■ DATA UNDER STUDY
********************

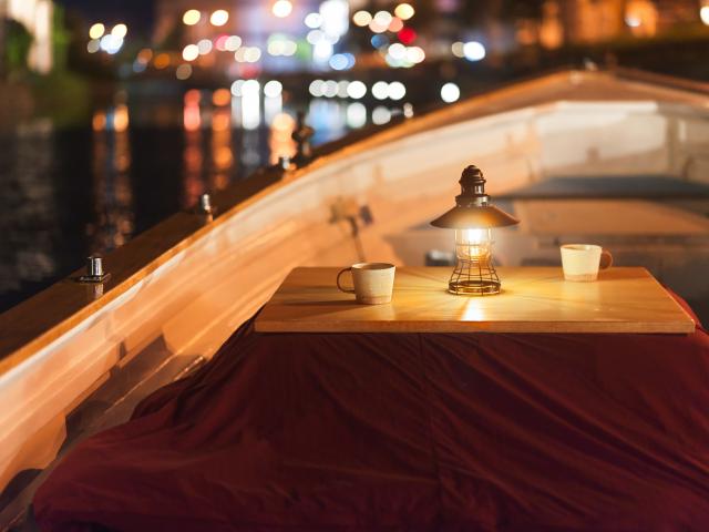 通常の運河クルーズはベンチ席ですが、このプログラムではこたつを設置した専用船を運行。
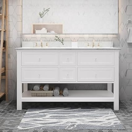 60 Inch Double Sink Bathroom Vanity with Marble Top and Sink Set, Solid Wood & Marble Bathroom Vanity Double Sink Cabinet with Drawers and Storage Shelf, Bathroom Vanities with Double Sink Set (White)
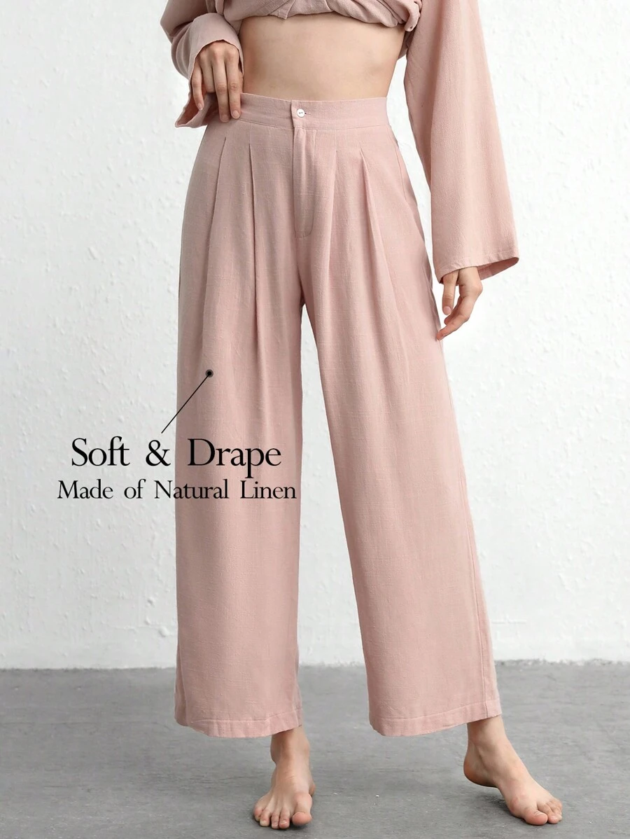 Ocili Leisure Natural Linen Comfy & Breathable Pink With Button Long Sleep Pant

********************

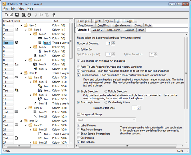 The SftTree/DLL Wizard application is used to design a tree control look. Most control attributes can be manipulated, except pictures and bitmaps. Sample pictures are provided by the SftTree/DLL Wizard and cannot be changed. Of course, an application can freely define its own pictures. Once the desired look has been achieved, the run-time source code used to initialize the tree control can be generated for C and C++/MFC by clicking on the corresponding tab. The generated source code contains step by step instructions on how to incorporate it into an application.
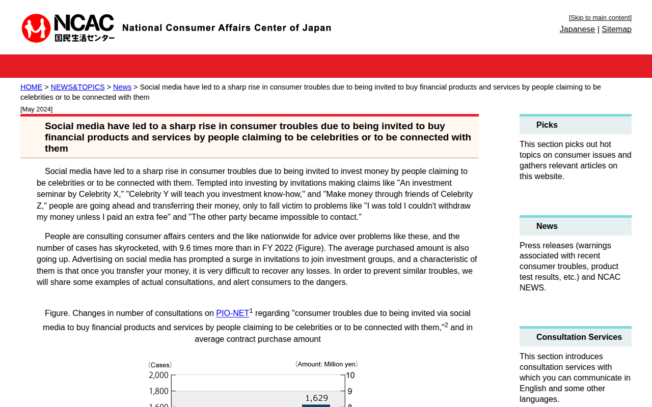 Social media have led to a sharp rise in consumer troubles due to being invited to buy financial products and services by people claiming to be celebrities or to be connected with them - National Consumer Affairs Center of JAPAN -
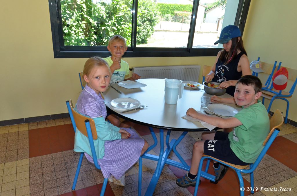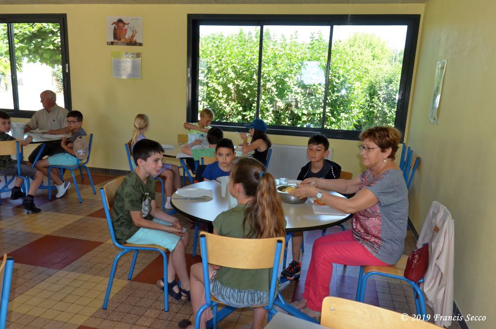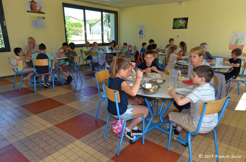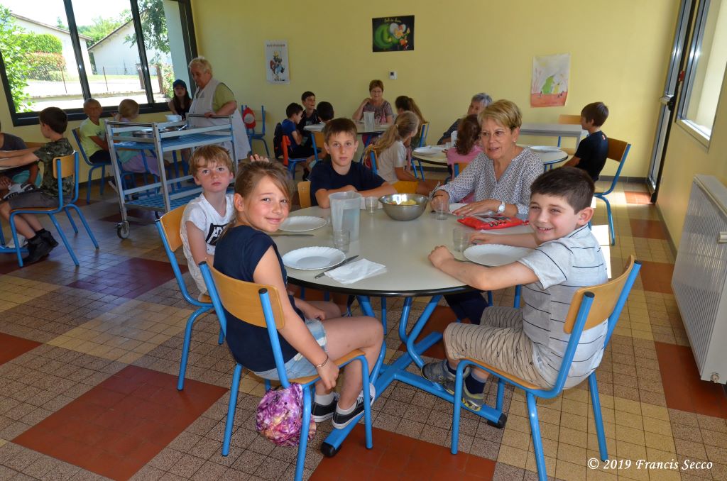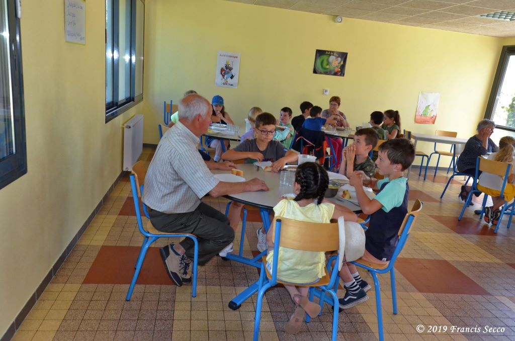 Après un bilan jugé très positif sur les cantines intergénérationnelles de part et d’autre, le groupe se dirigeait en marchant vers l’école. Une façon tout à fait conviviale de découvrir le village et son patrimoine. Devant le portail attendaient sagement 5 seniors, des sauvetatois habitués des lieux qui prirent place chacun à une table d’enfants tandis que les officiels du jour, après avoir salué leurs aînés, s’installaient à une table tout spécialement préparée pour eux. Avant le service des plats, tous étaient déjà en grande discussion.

********************

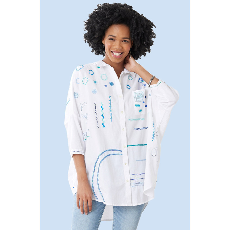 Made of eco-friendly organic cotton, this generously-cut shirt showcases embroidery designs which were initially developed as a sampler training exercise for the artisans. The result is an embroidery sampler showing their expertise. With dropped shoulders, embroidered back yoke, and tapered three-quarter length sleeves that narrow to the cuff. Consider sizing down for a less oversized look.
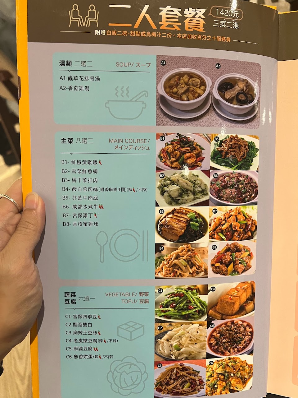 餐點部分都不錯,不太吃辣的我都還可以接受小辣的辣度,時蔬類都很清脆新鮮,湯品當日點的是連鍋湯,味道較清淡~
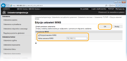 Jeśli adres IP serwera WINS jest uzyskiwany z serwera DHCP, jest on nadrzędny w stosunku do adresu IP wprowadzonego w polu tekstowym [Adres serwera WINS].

********************

Set down, exactly as written above, each line from the one with "通常の運河クルーズはベンチ席" through the one with "Ocili Leisure Natural", and skip the pictures.

■ RESPONSE BELOW
 通常の運河クルーズはベンチ席ですが、このプログラムではこたつを設置した専用船を運行。
 60 Inch Double Sink Bathroom Vanity with Marble Top and Sink Set, Solid Wood & Marble Bathroom Vanity Double Sink Cabinet with Drawers and Storage Shelf, Bathroom Vanities with Double Sink Set (White)
 Ocili Leisure Natural Linen Comfy & Breathable Pink With Button Long Sleep Pant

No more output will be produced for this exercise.